- Venue: Olympic Stadium
- Dates: 25 September 1988 (heats) 27 September 1988 (semi-finals) 28 September 1988 (final)
- Competitors: 35 from 25 nations
- Winning time: 53.17 OR

Medalists
- 1st place, gold medalist(s):  / Debbie Flintoff-King Australia
- 2nd place, silver medalist(s):  / Tatyana Ledovskaya Soviet Union
- 3rd place, bronze medalist(s):  / Ellen Fiedler East Germany

= Athletics at the 1988 Summer Olympics – Women's 400 metres hurdles =

The Women's 400 metres Hurdles at the 1988 Summer Olympics in Seoul, South Korea had an entry list of 35 competitors, with five qualifying heats and two semifinals (16) before the final (8) took place on Wednesday September 28, 1988.

In 1987, the former world record holder Sabine Busch of the GDR, improved her best to 53.24 seconds, before going on to win the World Championship title in Rome in 53.62 secs, with Debbie Flintoff-King of Australia second, GDR team-mate Cornelia Ullrich third, and Jamaica's Sandra Farmer fourth. Both Ullrich and Farmer, who was now competing for the USA as Sandra Farmer-Patrick, failed to make it to Seoul. Farmer-Patrick was disqualified in her semifinal at the US Olympic trials for a lane infringement, while Ullrich missed out on a spot on the GDR Olympic team to Ellen Fiedler and Susanne Losch.

In Seoul, Fiedler set a new Olympic record in the heats, running 54.58 secs.
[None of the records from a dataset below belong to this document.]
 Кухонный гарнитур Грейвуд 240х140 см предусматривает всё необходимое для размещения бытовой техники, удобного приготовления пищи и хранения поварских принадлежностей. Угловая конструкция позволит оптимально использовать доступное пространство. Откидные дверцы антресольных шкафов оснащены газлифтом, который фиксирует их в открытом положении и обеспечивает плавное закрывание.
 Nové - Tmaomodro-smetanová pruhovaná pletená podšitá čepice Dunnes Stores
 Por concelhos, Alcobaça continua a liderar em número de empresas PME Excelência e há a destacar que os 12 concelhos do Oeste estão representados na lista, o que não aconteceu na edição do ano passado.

Flintoff-King then further improved the Olympic record to 54.00 in the first semifinal, finishing just ahead of the little-known Soviet Tatyana Ledovskaya, who ran 54.01. Fiedler won the second semifinal in 54.28, with world champion Busch fourth.
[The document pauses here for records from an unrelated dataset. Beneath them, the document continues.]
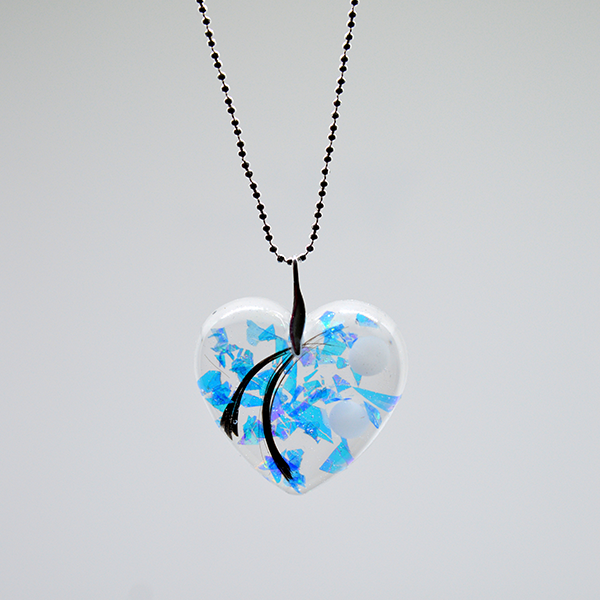 Un coeur transparent avec une mèche de cheveux de vos enfants.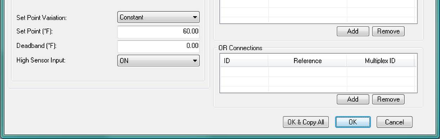 Figure 5 - 5 : In Global Edit mode there are two OK buttons for multiplexed Room unit controller dialogs, as shown here. OK & Copy All replicates the data in all the controller fields on the display layer to controllers for corresponding room units on other currently selected layers, whereas OK replicates only the data that has just been modified and not yet saved.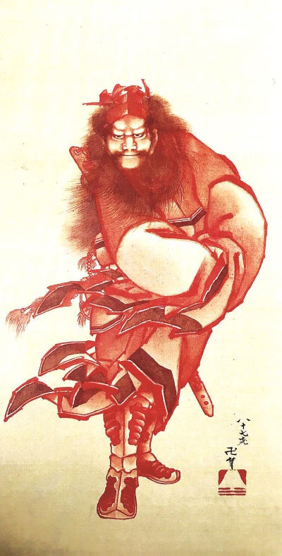 無獨有偶,鐘馗形象自遣唐使傳至日本后,圖像寄寓也對日本產生一定影響。據(jù)考證,在距今五百年前的室町時代,日本就有端午節(jié)掛鐘馗旗的風俗,其目的應該是迎接鐘馗降臨其家,為其除妖消災,作用與中國端午鐘馗畫是一致的。此外,在日本,紅色鐘馗被認為是可以用以去除天花、麻疹疾病的疫神。1846年,日本江戶時代后期浮世繪師葛飾北齋(Katsushika Hokusai,1760-1849)曾繪有《紅鐘馗圖》(圖3),與沈括《夢溪筆談·補筆談》卷三中描述的鐘馗形象極為相近,意在保護主人免遭天花傳染,是其生平所作鐘馗像中最為出色的一幅。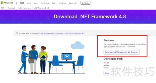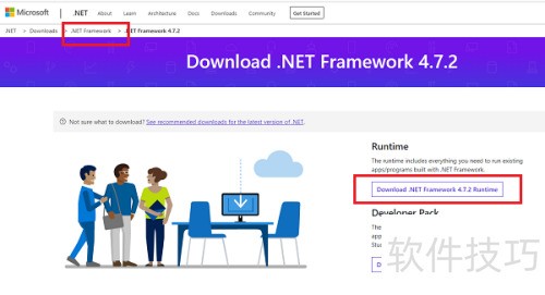 2、 进入第二步后,点击右侧下载 .NET Framework 4.7.2 运行时链接开始下载,具体操作所示。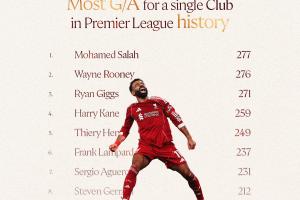 薩拉赫英超中為利物浦直接參與277球(188球,89助),超越魯尼成英超歷史中為單一俱樂部直接參與進球最多的球員。
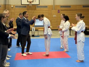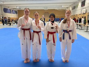 Bei den internationalen Hessenmeisterschaften in Wiesbaden am Nikolaussamstag, dem Jahresabschlussturnier in Hessen, zeigten die beiden Hünfelderinnen Lara Zimmermann und Sarah Habersack starke Leistungen. Zuerst ging es im Finale der Klasse Jugend A 15-17 Jahre für Lara Zimmermann auf die Matte, sie präsentierte die 6. und 8. Form mit großer Präzision und war anschließend mit den Tageshöchstwertungen nicht mehr einzuholen. Als drittes musste dann Sarah Habersack ihr Können zeigen. Sie zeigte die 5. und 8. Form und glänzte vor allem durch ihre kräftigen Techniken. Hauchdünn landete sie hinter Lara Zimmermann auf Platz 2, die weiteren Konkurrentinnen waren mit großem Abstand auf den weiteren Plätzen zu finden. Ein toller Erfolg zum Abschluss des Jahres!
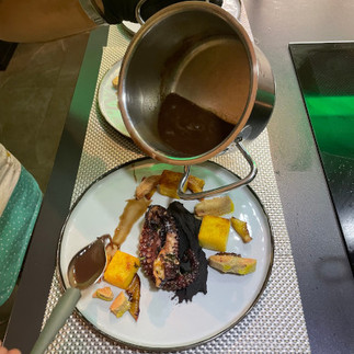 Bei Bedarf kann die Jus noch mit etwas Nero di Sepia geschwärzt werden. So wirkt die Jus als wäre sie die Tinte des Pulpos.

In the final, Ledovskaya (lane 3) made the fastest start and still held a narrow lead at the eighth hurdle, with Fiedler (lane 6) second, Busch (lane 7) third and Flintoff-King (lane 5) back in fifth. By the tenth hurdle, Ledovskaya still led from Fiedler, with Flintoff-King closing and moving into third ahead of Bush. Flintoff-King continued to close on the run-in and passed Ledovskaya in the final stride, winning in the new Olympic record time of 53.17, to move to second on the world all-time list. Ledovskaya took the silver in 53.18, with Fiedler holding off Busch for the bronze, running 53.63 to Busch's 53.69. With six of the top seven running personal bests, the Seoul final rewrote the all-time list, with fifth-placed Sally Gunnell (54.03) and sixth-placed Gudrun Abt (54.04), moving to number 10 and 11 on the all-time list.

==Medalists==

| Gold | Debbie Flintoff-King Australia |
| Silver | Tatyana Ledovskaya Soviet Union |
| Bronze | Ellen Fiedler East Germany |

==Records==
These were the standing World and Olympic records (in seconds) prior to the 1988 Summer Olympics.

| World record | 52.94 | URS Marina Stepanova | Stuttgart (FRG) | September 17, 1986 |
| Olympic record | 54.61 | MAR Nawal El Moutawakel | Los Angeles (USA) | August 8, 1984 |

The following Olympic records were set during this competition.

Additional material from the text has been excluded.